Directions for the data below: repeat exactly the lines from the one with "HITACHI (ヒタチ) 全自動洗濯機 BW-G70M 2025年製 キズ有" through the one with "Experience the unique", both included, and omit all pictures.

======== THE RECORDS

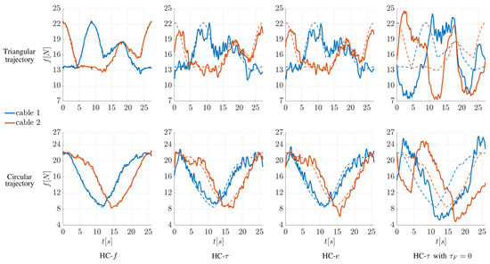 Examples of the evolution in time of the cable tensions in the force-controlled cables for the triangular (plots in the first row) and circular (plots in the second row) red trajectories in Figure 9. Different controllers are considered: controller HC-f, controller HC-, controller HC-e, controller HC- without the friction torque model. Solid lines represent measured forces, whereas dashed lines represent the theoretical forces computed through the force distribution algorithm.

================
======== THE RECORDS

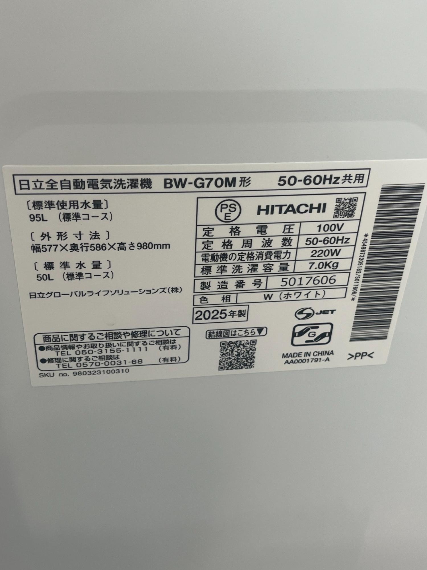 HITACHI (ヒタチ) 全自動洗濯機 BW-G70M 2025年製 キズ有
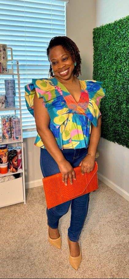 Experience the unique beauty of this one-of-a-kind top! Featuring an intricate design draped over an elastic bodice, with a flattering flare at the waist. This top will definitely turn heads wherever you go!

================

** SOLVED EXERCISE **
 HITACHI (ヒタチ) 全自動洗濯機 BW-G70M 2025年製 キズ有
 Experience the unique beauty of this one-of-a-kind top! Featuring an intricate design draped over an elastic bodice, with a flattering flare at the waist. This top will definitely turn heads wherever you go!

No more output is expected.